The news came from the sunny Adri atic island of Brioni, 340 miles from Belgrade, where the 75-year-old Tito called together a 155-man plenum of the Yugoslav Central Committee to name names and prefer charges. The leading plotter turned out to be Tito's erstwhile heir apparent, Vice President Aleksandar Ranković, 56. Tito accused his former guerrilla lieutenant of "conspiracy" to undermine Yugoslavia's economic reforms, of encouraging "damaging activity" by the state security police, and—most shocking—of bugging Tito's own home. Within eight hours Ranković had resigned, and—while denying the eavesdropping charge—had admitted that he was "morally and politically" at fault. With Ranković went Secret Police Boss Svetislav Stefanović, 55, whose ubiquitous UDBA spy network had kept a tough, unrelenting grip on Yugoslavia since 1946. In one stroke, Tito had dismantled the entire upper echelon of his secret police—a move unparalleled in the Communist world since Khrushchev destroyed Soviet Top Cop Lavrenty Beria in 1953.

The scope of the "conspiracy" against Tito was reflected in his choice of Brioni as the site of the purge. Both Ranković and Stefanović are Serbians—the dominant race in Yugoslavia's six-nation mix*—and Belgrade itself is the old Serb capital. Tito may well have feared that by denouncing Ranković on his home ground, he might trigger a Serb uprising.

Deviations & Anomalies. That the crisis had been long abuilding was reflected in Tito's speech to the plenum.

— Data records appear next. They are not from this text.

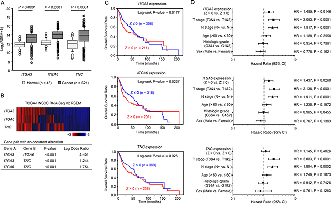 Figure 6: Clinical significance of three genes and miR-150-5p and miR-150-3p expression in HNSCC based on data from the TCGA database. (A) Comparison of ITGA3, ITGA6, and TNC mRNA expression levels between normal and tumor samples in TCGA database. (B) Heatmap visualization of gene expression based on TCGA-HNSCC RNA Seq data (Upper). All gene pairs among three genes expression pattern (mRNA Z-score > 0) showed significant co-occurrence by Fisher’s exact test (Lower). (C) Clinical outcomes in patients with altered miR-150-5p and miR-150-3p expression (CNV: amplification or gain, or mRNA: Z-score > 0) or without altered miRNA expression (CNV: diploid or het loss, and mRNA: Z-score ≤ 0), as displayed using Kaplan–Meier plots with log-rank tests. (D) Forest plot summarising hazard ratios. The X-axis displays the hazard ratio and 95% CI of each subgroup.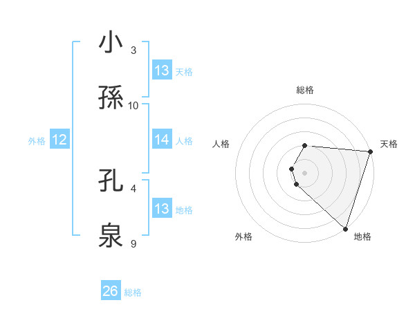 小孫 孔泉さんの天格は13画の5点!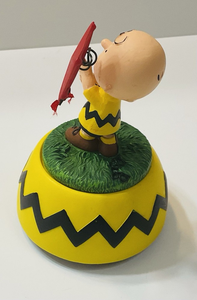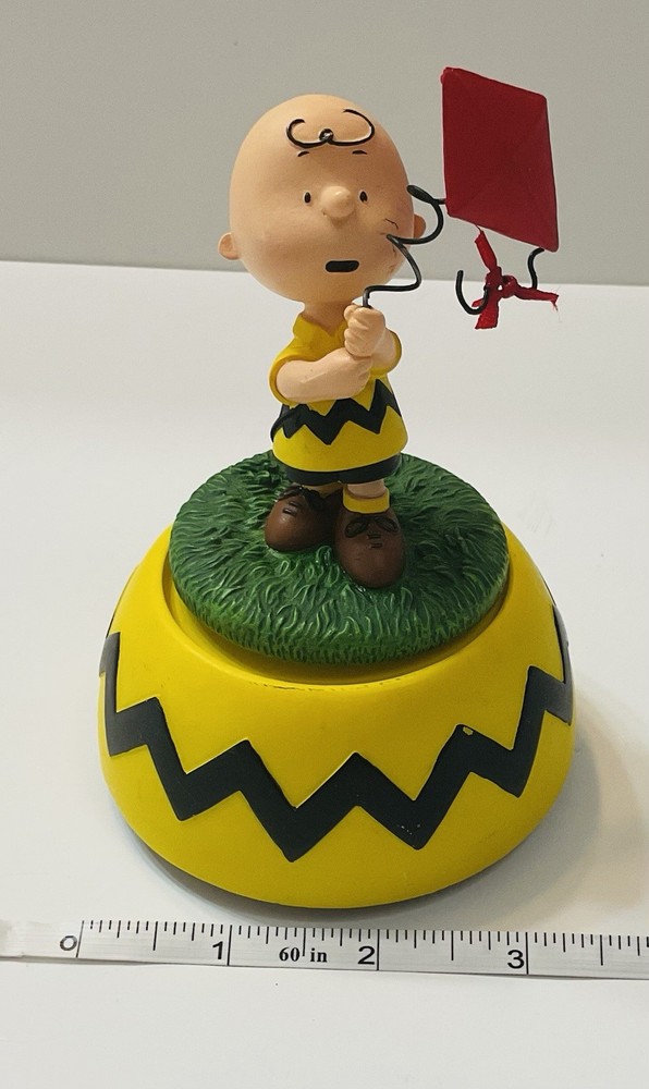 The Peanuts - Charlie Brown Flying Kite Westland Giftware Musical Figurine is an original vintage collectible featuring the beloved character Charlie Brown from the Peanuts franchise. This animated-themed figurine plays a musical tune and is perfect for all occasions. Made by Westland Giftware, this unique piece is a must-have for any Peanuts fan or collector of nostalgic items.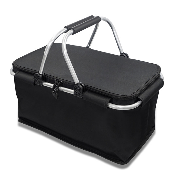 Wykonany z poliestru izotermiczny kosz piknikowy o pojemności 32 litrów. Zapewnia bardzo dobrą izolację termiczną dzięki starannemu wyłożeniu wnętrza grubą warstwą izotermiczną z folii aluminiowej oraz pianki EPE. Aluminiowa rama, uchwyt z pianki EVA. Maksymalne obciążenie 15 kg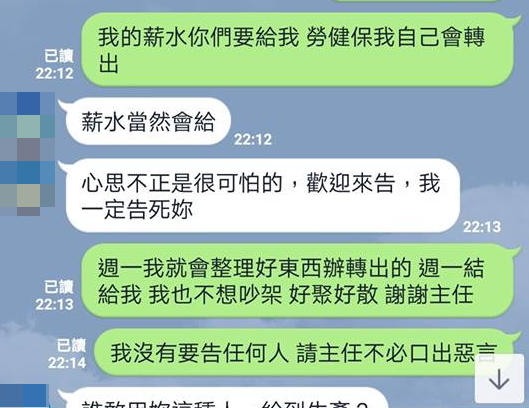 趙小姐後來心灰意冷,直言勞健保自己會轉出,但薪水還是要給,孰料主管講完好聚好散,卻繼續罵她「心思不正是很可怕的...我一定告死妳」、「誰敢用妳這種人,給到生產?」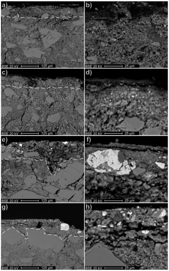 Representative backscattered electron (BSE) images of the Herculaneum samples (interfaces between plasters and paint layers are indicated by dashed lines): (a) BCN_28, upper portion; (b) BCN_28, detail of the paint layer; (c) BCN_W1_03, upper portion; (d) BCN_W1_03, detail of the paint layer; (e) BCN_31, upper portion; (f) BCN_51, detail of the paint layer; (g) BCN_67, upper portion; (h) BCN_67, detail of the paint layer.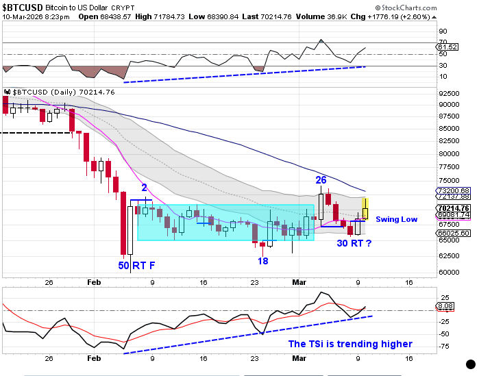 • BTC formed a swing low and closed above the 10 day moving average on Monday.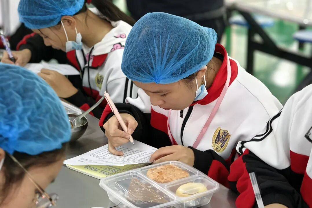 参观结束后,食堂还为同学们准备了惊喜——由面点师傅手工制作的无添加蛋糕,让大家现场品尝后厨的匠心手艺。当日午餐时间,学生代表们对菜品进行了实地品鉴,并认真填写调查问卷,从菜品口味、分量、种类搭配、环境卫生等方面提出了诸多宝贵意见,为食堂后续优化服务提供了重要参考。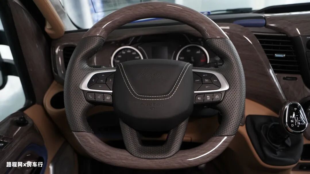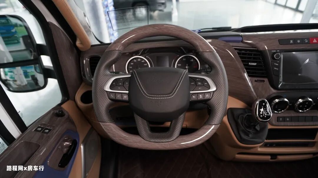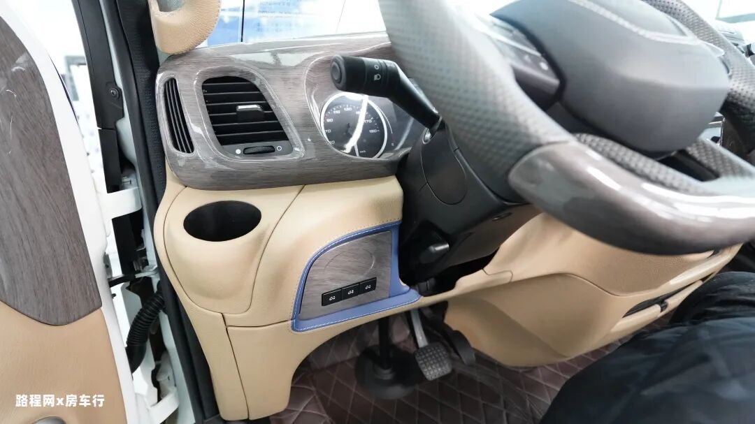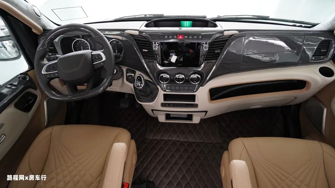 驾驶室内部的内饰风格是有比较大的升级与改动,驾驶室内部采用了大面积的仿木材质及下部超纤包裹的设计,顶部和侧柱配置了翻毛皮的材质,整体的内饰组合给人的感觉更加高端,也更加匹配NEW DAILY底盘的身份形象。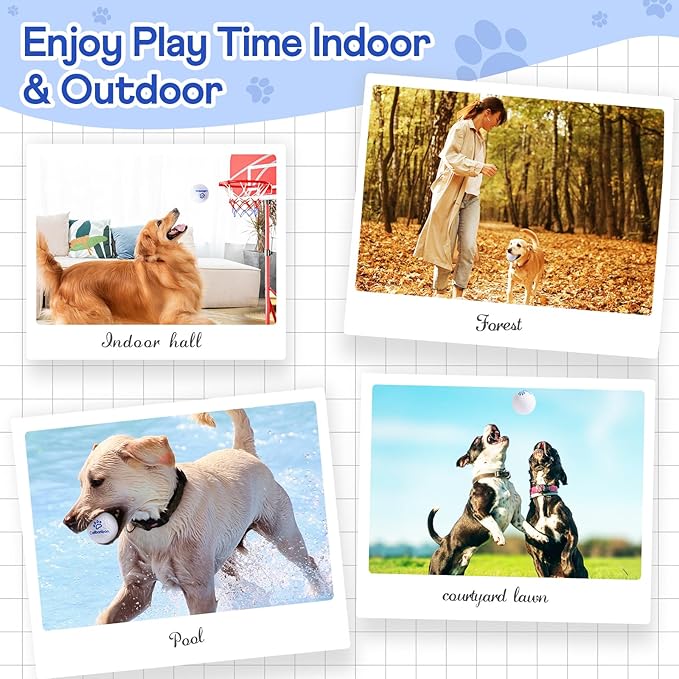 - [ Indoors & Outdoors Dog Ball Toys]: These bouncy and easy-to-wash dog balls are perfect for both indoor and outdoor activities. They help relieve anxiety, provide daily training, and release energy, keeping your dog happy and healthy. Lightweight and floatable, they're great for playing on grasslands, beaches, and even in swimming pools.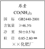 (3) 根據(jù)標(biāo)識(shí)說(shuō)明計(jì)算,每袋尿素中有效營(yíng)養(yǎng)元素的含量不低于 千克。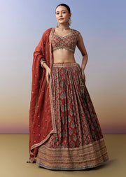 This maroon bridesmaid lehenga features a captivating ajrakh inspired design in a graceful circular silhouette, perfect for sangeet celebrations. The ensemble is adorned with mirror, cut dana, and sequins work that adds festive brilliance to both the choli and the lehenga. Embroidery detailing enhances its artisanal charm, while the sleeveless choli with a V neckline brings a modern refined touch. Paired with a matching dupatta, this look blends cultural elegance with contemporary bridesmaid appeal. Awarded as the Most Trusted Brand, we're delivering styles you love, just as promised.

He harked back to a three-day meeting in 1962 where secret-police powers had been harshly criticized. "On that occasion," Tito recalled last week, "we established more or less what these various deviations and anomalies were. It seems to me that we made a mistake at that time not to have gone to the end. We stopped halfway owing to certain tendencies toward compromise." By purging Ranković, Tito finally moved beyond the halfway house in reforming Yugoslav Communism.